Action Space: Fully continuous joint controls.
Goal: Evaluate if RSL-RL still matches or exceeds baseline performance in standard continuous locomotion tasks.
Validation: Compared training curves with original RSL-RL results and evaluation runs with Stable Baselines 3 (SB3) using PPO.

Traing agents:

python training_rsl_continuous.py # RSL Training
python training_sb3_continuous.py # Stable Baselines 3 Training

Evaluate the trained models:

python evaluate_continuous.py

The table below shows the learning curves (left) and evaluation of the Unitree Go2 locomotion task for both RSL and SB3 (center and right). RSL-RL maintains performance parity while running fully on GPU.


MultiDiscrete Training Curve RSL VS SB3	Trained Model Evaluation - RSL	Trained Model Evaluation - SB3

Tensorboard Visualization

For interactive monitoring of training metrics, you can launch Tensorboard:

tensorboard --logdir runs/

This will allow you to explore rewards, losses, and other key statistics in real-time.

Citation

@misc{palmas2025discrete_rsl_rl,
  author = {Alessandro Palmas},
  title = {Discrete RSL RL},
  year = {2025},
  url = {https://github.com/alexpalms/discrete_rsl_rl},
  note = {GitHub repository}
}

RSL RL (Original Readme)

A fast and simple implementation of RL algorithms, designed to run fully on GPU. This code is an evolution of rl-pytorch provided with NVIDIA's Isaac Gym.
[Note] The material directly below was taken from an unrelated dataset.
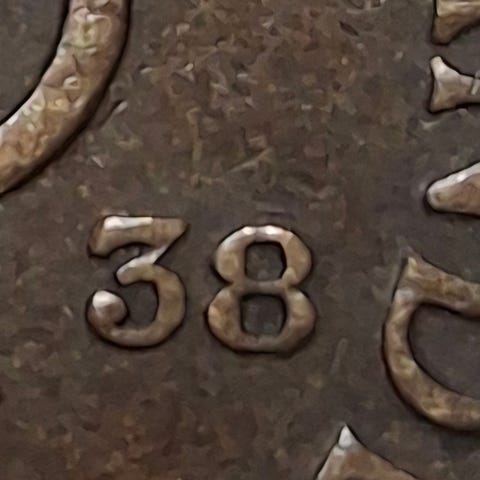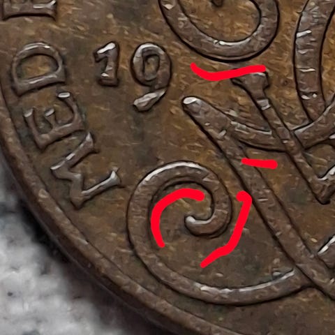 2 öre 1937 - ompunsad 3:a! Rest till vänster på 3.
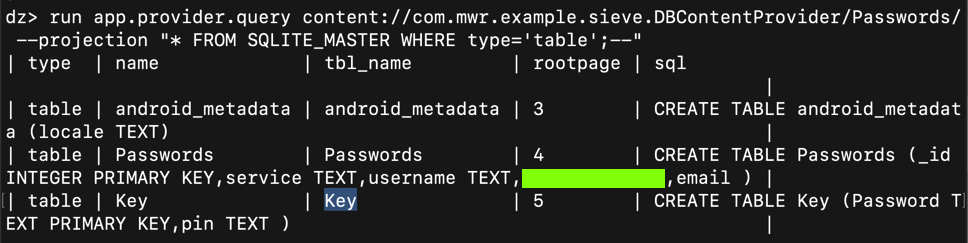 run app.provider.query content://com.mwr.example.sieve.DBContentProvider/Passwords/ --projection "* FROM SQLITE_MASTER WHERE type='table';--"

Environment repositories using the framework:

Isaac Lab (built on top of NVIDIA Isaac Sim): https://github.com/isaac-sim/IsaacLab
Legged-Gym (built on top of NVIDIA Isaac Gym): https://leggedrobotics.github.io/legged_gym/

The main branch supports PPO and Student-Teacher Distillation with additional features from our research. These include:

Random Network Distillation (RND) - Encourages exploration by adding a curiosity driven intrinsic reward.
Symmetry-based Augmentation - Makes the learned behaviors more symmetrical.

We welcome contributions from the community. Please check our contribution guidelines for more information.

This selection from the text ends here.